Asif informed that MG has sold more than 16,000 vehicles in Pakistani market so far out of which approximately 2000 were Plug In Hybrid vehicles (PHEV) as Pakistani customers are realizing the true economic benefit of PHEV as it’s a perfect urban mobility option for the urban consumers.


He says despite the changing trend of converting to PHEV from HEV Pakistani consumers have just one choice in the shape of MG HS PHEV, although having a better technology but still placed lower than most hybrids in Pakistan.


Asif said that MG leads specification leadership in Pakistan. All automakers now follow the global specs MG introduced in MG HS in both CBU & CKD. MG vehicles have crossed approximately 350 million miles since its launch in Pakistan in 2021, and MG HS has successfully tested for Pakistan’s fuel, terrain (road), and weather conditions, he added.


Asif said the vehicles in Pakistan are still expensive. Globally, hybrid vehicles deliver financial value when their purchase price does not exceed more than 10% of the cost of an equivalent petrol vehicle. 


However, this benchmark is not practised in the Pakistani market. Here, the price gap between hybrids and their petrol counterparts is significantly wider averaging around 45%.


For example, a C SUV hybrid vehicle costs up to Rs 12 million, while similar C SUV conventional petrol cars cost Rs 8.0 million. In Pakistan, the difference of price between hybrid and conventional petrol cars is approximately 4.0 million in the C SUV category.

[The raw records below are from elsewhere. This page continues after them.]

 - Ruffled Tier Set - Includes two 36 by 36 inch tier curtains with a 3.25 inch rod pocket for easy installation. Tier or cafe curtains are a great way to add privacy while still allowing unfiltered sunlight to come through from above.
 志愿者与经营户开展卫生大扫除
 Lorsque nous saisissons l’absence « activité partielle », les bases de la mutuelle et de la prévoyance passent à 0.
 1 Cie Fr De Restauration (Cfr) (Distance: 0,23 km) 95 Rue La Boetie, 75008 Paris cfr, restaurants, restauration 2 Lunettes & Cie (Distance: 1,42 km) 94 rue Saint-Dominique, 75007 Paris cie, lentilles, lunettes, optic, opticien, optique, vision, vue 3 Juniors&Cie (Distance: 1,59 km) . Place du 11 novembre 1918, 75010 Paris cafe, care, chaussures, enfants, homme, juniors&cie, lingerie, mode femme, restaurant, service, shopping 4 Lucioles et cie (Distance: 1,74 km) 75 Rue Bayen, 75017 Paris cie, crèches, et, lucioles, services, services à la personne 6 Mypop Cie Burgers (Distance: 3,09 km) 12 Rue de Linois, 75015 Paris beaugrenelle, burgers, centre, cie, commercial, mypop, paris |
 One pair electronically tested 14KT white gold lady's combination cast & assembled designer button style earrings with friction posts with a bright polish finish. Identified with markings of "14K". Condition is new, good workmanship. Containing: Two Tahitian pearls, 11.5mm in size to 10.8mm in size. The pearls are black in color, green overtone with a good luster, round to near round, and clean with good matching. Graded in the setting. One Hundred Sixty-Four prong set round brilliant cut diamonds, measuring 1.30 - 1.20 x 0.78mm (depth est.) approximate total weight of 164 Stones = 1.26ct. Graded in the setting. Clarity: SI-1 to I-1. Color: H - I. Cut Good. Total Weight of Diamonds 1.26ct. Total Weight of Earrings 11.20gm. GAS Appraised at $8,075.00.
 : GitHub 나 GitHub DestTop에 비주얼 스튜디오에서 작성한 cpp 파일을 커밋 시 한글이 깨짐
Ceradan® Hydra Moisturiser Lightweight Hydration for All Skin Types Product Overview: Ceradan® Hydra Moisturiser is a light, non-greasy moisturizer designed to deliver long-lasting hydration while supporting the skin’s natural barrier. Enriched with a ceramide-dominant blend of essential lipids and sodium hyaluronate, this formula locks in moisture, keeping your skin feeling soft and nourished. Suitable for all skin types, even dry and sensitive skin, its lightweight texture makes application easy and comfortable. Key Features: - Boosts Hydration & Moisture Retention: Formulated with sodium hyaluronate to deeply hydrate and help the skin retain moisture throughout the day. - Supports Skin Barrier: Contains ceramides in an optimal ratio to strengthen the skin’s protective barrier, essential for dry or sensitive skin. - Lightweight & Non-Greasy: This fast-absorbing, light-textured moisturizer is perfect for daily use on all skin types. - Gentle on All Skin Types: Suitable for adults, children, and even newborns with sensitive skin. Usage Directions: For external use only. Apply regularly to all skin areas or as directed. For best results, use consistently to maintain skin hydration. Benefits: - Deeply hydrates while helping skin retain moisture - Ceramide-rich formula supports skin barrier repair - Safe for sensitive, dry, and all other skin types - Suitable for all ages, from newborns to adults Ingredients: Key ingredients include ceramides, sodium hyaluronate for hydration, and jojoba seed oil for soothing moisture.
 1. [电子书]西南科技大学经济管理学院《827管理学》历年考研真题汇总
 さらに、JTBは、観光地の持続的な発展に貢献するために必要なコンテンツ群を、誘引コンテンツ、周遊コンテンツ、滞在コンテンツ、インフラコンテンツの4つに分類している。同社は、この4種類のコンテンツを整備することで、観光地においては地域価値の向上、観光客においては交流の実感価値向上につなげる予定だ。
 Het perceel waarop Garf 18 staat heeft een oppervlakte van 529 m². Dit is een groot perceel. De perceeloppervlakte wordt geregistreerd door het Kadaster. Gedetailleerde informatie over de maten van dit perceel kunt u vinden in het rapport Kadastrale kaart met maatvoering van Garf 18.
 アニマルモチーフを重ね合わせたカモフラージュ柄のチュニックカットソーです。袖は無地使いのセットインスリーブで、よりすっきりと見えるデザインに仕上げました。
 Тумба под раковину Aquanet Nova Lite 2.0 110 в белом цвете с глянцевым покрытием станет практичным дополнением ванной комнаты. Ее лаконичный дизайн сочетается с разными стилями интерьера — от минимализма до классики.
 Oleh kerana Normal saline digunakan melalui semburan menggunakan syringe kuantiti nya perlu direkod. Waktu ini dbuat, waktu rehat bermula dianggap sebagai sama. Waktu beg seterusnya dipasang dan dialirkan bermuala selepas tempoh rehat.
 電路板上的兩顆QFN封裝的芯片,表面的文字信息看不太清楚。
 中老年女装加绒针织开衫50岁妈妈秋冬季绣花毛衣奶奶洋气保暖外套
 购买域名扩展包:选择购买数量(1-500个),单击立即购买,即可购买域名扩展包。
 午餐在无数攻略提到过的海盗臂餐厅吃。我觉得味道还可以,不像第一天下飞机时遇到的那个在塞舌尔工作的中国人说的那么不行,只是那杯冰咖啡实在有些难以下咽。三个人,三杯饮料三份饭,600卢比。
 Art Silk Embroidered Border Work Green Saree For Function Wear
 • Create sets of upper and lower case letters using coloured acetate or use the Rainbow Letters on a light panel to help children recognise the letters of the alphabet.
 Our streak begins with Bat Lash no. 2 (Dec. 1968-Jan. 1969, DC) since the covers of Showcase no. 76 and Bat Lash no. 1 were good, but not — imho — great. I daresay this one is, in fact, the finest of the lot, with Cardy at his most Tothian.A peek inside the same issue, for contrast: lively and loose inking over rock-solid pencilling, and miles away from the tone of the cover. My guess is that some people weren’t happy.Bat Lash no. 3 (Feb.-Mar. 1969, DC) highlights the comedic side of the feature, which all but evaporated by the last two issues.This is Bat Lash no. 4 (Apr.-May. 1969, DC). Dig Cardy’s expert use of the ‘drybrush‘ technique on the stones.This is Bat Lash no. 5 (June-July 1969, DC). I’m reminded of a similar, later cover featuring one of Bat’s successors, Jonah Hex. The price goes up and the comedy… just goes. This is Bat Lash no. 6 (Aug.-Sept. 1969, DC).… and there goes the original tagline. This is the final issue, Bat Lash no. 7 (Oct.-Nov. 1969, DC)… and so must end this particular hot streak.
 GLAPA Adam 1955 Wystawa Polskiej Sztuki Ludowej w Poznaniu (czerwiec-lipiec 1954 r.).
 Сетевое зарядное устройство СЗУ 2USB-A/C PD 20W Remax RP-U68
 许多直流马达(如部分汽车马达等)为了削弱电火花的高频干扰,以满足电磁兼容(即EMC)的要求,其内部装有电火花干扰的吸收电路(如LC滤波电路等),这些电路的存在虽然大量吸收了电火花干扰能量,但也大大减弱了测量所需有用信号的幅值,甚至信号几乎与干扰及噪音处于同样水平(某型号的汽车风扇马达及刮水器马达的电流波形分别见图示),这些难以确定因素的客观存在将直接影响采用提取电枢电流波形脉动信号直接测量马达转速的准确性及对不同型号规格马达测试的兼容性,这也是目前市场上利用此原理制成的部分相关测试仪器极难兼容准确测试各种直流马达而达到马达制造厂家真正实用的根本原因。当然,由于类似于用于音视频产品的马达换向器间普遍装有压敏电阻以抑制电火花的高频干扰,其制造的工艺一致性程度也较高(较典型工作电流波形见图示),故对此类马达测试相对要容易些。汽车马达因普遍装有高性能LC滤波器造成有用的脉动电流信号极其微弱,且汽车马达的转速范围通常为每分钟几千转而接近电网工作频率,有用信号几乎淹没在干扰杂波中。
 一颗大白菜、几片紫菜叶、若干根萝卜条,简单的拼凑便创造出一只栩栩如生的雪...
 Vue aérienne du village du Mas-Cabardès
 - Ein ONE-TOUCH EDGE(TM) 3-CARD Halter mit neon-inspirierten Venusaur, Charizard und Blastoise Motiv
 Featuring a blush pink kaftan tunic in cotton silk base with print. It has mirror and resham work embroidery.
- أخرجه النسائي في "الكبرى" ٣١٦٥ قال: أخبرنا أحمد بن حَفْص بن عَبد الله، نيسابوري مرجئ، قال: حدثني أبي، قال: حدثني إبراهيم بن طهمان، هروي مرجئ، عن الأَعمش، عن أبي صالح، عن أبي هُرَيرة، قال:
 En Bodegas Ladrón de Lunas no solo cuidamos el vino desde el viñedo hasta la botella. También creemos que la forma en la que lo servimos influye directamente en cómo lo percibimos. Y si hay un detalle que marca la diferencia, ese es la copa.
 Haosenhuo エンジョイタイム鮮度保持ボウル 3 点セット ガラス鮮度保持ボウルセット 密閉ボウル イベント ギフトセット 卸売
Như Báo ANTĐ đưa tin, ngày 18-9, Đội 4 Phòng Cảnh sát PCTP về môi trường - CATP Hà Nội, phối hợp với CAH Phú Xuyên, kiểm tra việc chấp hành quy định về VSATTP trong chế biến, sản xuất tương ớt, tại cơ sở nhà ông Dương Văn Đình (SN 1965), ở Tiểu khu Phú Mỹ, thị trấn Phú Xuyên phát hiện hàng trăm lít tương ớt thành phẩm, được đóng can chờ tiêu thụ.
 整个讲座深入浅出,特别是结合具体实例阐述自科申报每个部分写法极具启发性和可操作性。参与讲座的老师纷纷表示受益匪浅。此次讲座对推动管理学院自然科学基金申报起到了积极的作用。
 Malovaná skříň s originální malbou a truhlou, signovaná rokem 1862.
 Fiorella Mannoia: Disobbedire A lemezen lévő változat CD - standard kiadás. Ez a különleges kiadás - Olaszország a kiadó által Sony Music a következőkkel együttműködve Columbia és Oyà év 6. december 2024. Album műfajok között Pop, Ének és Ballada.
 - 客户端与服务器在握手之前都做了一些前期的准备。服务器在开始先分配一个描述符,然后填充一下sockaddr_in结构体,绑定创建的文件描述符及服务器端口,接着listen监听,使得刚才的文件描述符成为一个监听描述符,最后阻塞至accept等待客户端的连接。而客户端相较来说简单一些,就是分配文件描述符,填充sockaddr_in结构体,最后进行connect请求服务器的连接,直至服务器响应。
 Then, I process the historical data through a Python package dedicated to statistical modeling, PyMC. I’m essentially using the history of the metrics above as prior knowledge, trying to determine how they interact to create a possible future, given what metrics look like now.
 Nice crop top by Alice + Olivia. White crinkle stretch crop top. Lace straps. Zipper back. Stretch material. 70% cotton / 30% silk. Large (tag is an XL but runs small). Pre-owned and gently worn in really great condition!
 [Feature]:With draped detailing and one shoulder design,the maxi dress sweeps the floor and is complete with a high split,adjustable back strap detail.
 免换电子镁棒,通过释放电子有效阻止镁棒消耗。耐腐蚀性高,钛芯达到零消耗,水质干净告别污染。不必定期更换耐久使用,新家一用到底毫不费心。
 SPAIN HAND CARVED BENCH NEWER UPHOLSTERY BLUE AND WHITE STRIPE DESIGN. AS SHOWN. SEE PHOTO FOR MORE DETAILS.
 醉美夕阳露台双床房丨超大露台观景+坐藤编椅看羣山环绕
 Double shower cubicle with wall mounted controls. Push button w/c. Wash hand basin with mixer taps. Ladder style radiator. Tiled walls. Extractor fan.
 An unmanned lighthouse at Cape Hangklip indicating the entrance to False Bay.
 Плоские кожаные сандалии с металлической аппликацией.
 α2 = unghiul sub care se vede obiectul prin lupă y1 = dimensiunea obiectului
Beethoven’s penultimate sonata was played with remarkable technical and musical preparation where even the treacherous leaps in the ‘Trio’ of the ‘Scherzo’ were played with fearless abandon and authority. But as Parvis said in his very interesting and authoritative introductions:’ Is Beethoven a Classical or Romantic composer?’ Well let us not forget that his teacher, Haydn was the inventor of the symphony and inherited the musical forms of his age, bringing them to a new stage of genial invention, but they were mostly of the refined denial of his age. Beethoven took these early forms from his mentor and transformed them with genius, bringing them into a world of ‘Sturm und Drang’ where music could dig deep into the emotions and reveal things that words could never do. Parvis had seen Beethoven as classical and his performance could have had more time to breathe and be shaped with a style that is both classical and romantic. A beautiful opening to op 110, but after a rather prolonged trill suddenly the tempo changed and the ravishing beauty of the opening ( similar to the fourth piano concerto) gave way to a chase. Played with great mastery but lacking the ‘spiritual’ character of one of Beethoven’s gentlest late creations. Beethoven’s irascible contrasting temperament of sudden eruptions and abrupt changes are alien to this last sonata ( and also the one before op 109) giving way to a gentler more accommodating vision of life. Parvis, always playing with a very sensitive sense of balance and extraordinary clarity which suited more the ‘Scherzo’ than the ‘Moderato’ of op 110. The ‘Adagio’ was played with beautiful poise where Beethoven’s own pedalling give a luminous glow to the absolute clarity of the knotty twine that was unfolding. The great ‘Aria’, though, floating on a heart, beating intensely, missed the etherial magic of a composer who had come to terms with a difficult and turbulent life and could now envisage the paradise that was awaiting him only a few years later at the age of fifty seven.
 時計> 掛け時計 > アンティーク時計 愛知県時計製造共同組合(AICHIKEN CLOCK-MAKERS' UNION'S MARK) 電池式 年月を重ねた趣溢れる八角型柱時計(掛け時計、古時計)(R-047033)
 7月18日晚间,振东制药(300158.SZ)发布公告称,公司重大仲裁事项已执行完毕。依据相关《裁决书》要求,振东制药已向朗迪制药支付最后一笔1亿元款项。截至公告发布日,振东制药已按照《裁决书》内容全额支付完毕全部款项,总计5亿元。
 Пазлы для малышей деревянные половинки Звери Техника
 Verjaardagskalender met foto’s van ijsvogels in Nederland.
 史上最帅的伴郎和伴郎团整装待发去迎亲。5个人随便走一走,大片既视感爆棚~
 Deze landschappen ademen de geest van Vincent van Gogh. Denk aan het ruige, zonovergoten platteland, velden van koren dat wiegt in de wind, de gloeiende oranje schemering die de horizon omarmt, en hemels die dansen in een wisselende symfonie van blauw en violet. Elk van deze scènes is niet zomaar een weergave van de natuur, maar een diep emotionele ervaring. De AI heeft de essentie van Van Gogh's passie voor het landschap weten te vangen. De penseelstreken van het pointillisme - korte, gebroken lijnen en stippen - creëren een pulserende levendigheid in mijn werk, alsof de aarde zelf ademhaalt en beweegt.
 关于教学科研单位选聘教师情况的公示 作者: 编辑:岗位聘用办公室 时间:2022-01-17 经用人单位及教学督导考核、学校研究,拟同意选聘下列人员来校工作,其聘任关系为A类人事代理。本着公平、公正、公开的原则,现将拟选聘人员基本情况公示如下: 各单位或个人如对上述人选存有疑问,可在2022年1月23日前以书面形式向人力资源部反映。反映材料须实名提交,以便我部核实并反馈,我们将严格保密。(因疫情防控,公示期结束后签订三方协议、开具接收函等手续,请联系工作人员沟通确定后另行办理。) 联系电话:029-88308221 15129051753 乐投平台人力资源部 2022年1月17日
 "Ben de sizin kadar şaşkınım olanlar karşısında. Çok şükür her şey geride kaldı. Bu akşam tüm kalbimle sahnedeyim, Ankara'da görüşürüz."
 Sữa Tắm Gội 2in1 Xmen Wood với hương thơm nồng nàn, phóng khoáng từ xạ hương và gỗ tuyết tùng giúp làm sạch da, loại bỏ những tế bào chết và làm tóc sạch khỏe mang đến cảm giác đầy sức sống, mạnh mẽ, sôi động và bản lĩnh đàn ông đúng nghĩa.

While Pakistan’s NEV policy sets a progressive roadmap, industry execution remains key. With more PHEV models expected to enter the market, the question remains will automakers use these incentives to empower consumers—or repeat the hybrid playbook of high margins and minimal environmental gains? 


"The potential is enormous,” Ahmed concluded. “But only if we prioritize real consumer value and environmental impact—over short-term profits.”